Финны приезжали активно вот в 1990-е годы на свои хутора. Приезжали на хутора, кто-то увозил землю с собой, кто-то какие-то там растения выкапывал, забирал на память, там, какие-нибудь кустарники, елочки. (–Ткачёва Елизавета Владимировна, 1973.)

История знает и такие случаи, когда с открытием границ финны возвращались на родные земли насовсем:

...этот человек все равно вернулся на эту территорию и привез свою жену, и с начала 1990-х годов до дней своей смерти — вот он умер, может быть, лет пять назад, где-то так вот, он постоянно приезжал из Финляндии, жил в большей степени здесь, вот на том месте, где он родился, жил на две страны. (–Ткачёва Елизавета Владимировна, 1973.)

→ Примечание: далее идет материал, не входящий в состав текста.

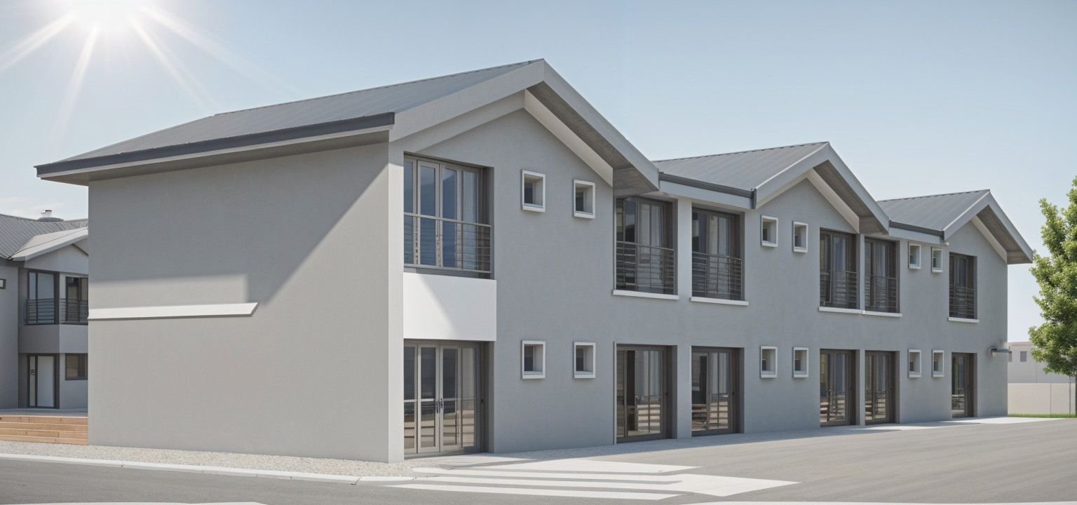the orange area is a red brick extension with large windows and doors the light grey areas are glass and should be darkened glass the white areas should be kept white do not add unncessary detail architecture
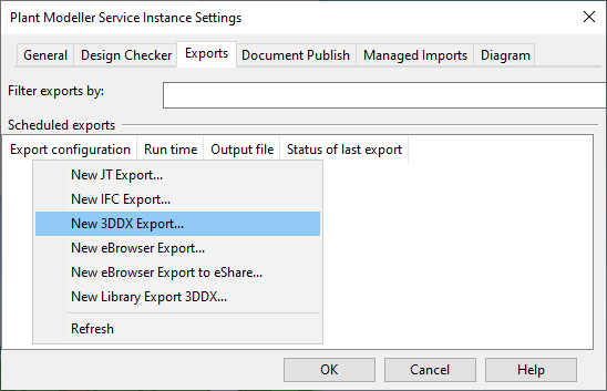 Right-click the Scheduled exports pane and select New 3DDX Export from the context menu.
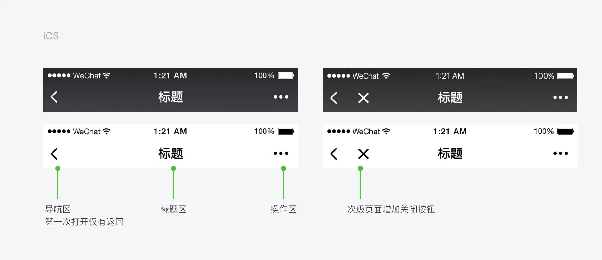 微信進入小程序的第一個頁面,導航區通常只有一個操作——“返回”,即返回進入小程序前的微信頁面。 進入小程序后的次級頁面,導航區的操作為——“返回” 和“關閉”。 “返回”,即返回上一級小程序界面或微信界面。“關閉”,即在當前界面直接退出小程序,回到進入小程序前的微信頁面。
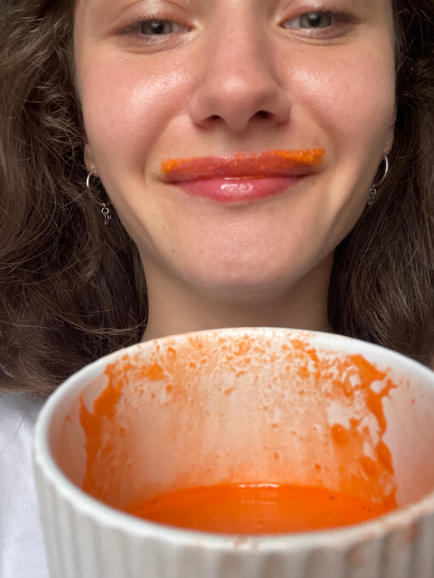 A woman with fair skin and brown hair poses at an angle while holding a white cup filled with an orange liquid. Some of the liquid is smeared on her upper lip, resembling a mustache. The woman has gre…read more
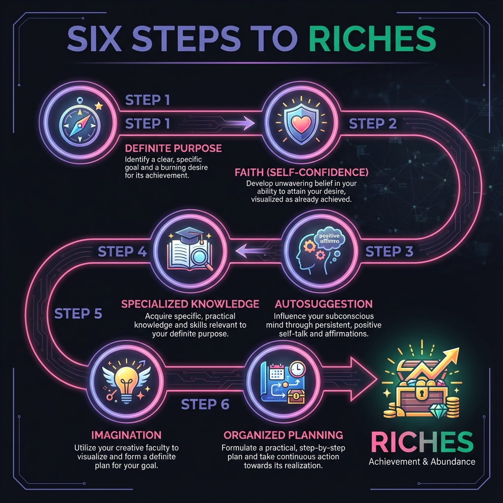 2. The Six Steps to DeFi Riches - Definite Purpose, Mental Programming, Specialized Knowledge, Comprehensive Planning, Psychological Resilience, and Mastermind Principle

В этой ситуации, как отмечает исследовательница территории Екатерина Мельникова, «прошлое района оказалось тем фундаментом, на котором строилось взаимодействие практически на всех уровнях местной жизни» [Мельникова 2015: 20]. Однако у этого взаимодействия была и другая сторона, которая не исключала негативной оценки вмешательства новообретенных соседей. Как и многие другие пограничные российские территории, Сортавала 1990-х привлекала иностранцев легкой доступностью нелегальных развлечений.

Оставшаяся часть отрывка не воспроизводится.